History

United States
- Name: USS James H. Clark
- Namesake: Previous name retained
- Completed: 1900
- Acquired: 19 July 1917
- Commissioned: 21 August 1917
- Decommissioned: April 1920
- Fate: Sold 16 May 1921
- Notes: Operated as commercial tug James H. Clark 1900-1917

General characteristics
- Type: Patrol vessel
- Tonnage: 45 Gross register tons
- Length: 60 ft 8 in (18.49 m)
- Beam: 17 ft 3 in (5.26 m)
- Draft: 6 ft 9 in (2.06 m) or 8 ft (2.4 m)
- Propulsion: One 150-indicated horsepower (112-kilowatt) vertical compound steam engine, one marine leg boiler, one shaft
- Speed: 8.5 or 9 knots
- Armament: 1 × 3-pounder gun

= USS James H. Clark =

Tugboat of the United States Navy

USS James H. Clark (SP-759) was a United States Navy tug in commission from 1917 to 1920.

James H. Clark was built as a commercial steam tug of the same name in 1900 at Buffalo, New York. On 19 July 1917, the U.S. Navy acquired her from her owner, the Tampa Towing & Lighterage Company of Tampa, Florida, for use during World War I. Assigned the section patrol number 759, she was commissioned on 21 August 1917 as USS James H. Clark (SP-759).

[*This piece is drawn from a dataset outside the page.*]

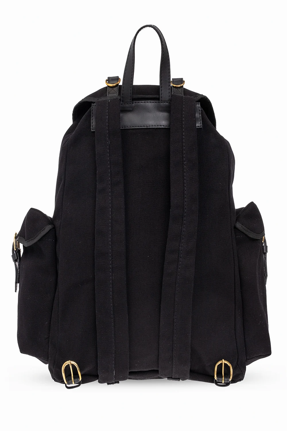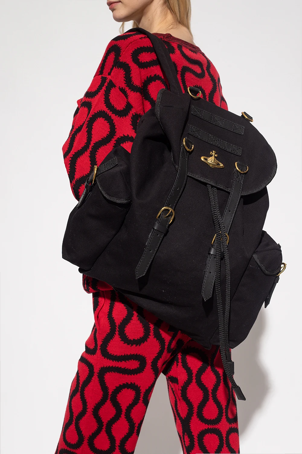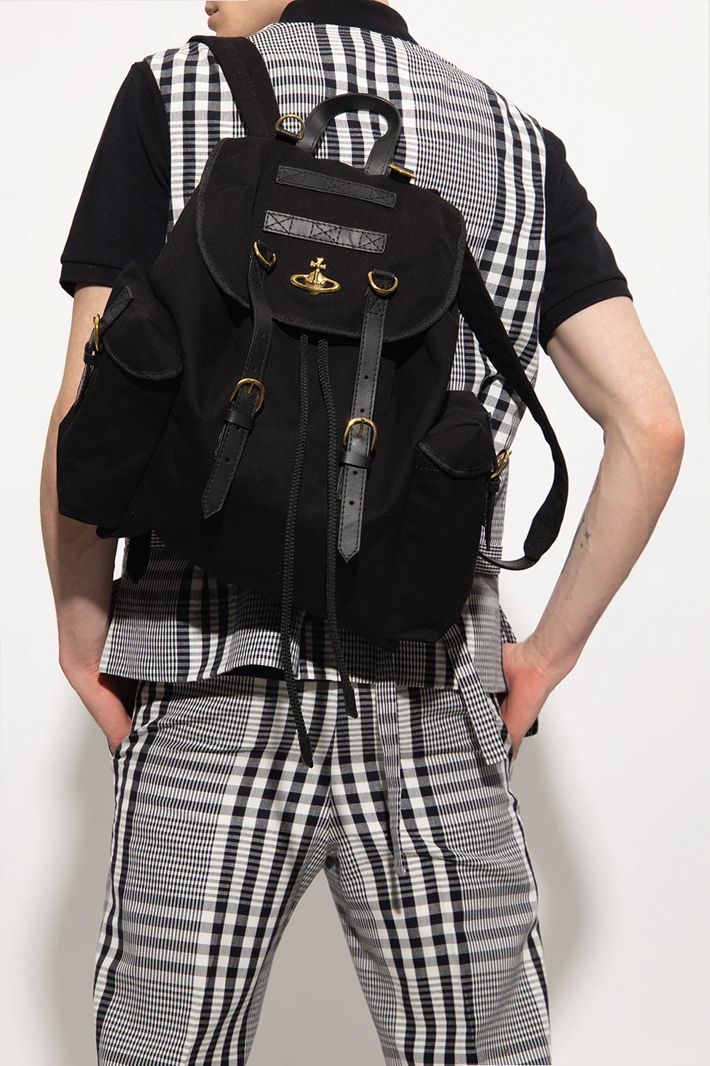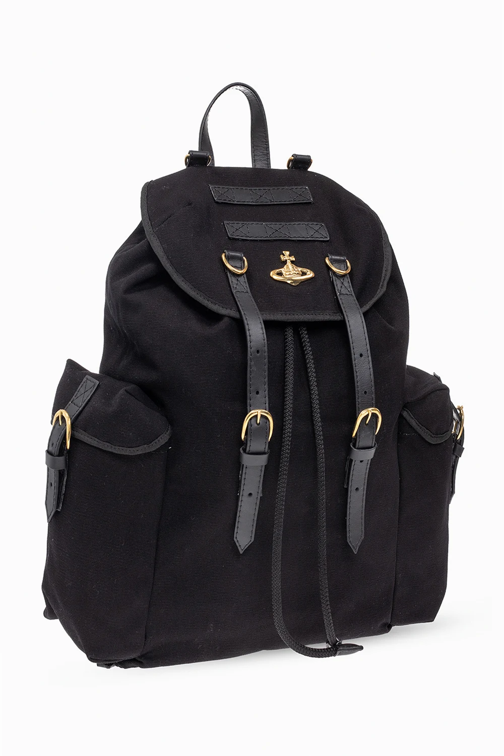 Black ‘Highland’ backpack from Vivienne Westwood. Made of locally farmed cotton canvas, this design forms part of the brand's ‘Made in Kenya’ collection with the ‘Ethical Fashion Initiative’ that helps to support thousands of people from marginalised communities. It cinches closed with drawstrings and features leather and recycled brass trims, two buckle strap closures, a logo plaque on the front, two side pockets with buckles, a top handle, adjustable shoulder straps, antiqued gold-tone metal hardware and one internal compartment with a zip pocket.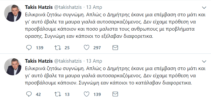 Ο Χατζής αναρτά στο Twitter τρία μηνύματα-συγγνώμες

Assigned to the 7th Naval District and based at Key West, Florida, James H. Clark performed towing and other miscellaneous duties in the harbor at Key West and at Naval Station Key West until 1920.

James H. Clark was decommissioned on 6 April 1920 and was sold on 16 May 1921 to the A. C. Tuxbury Lumber Company of Charleston, South Carolina.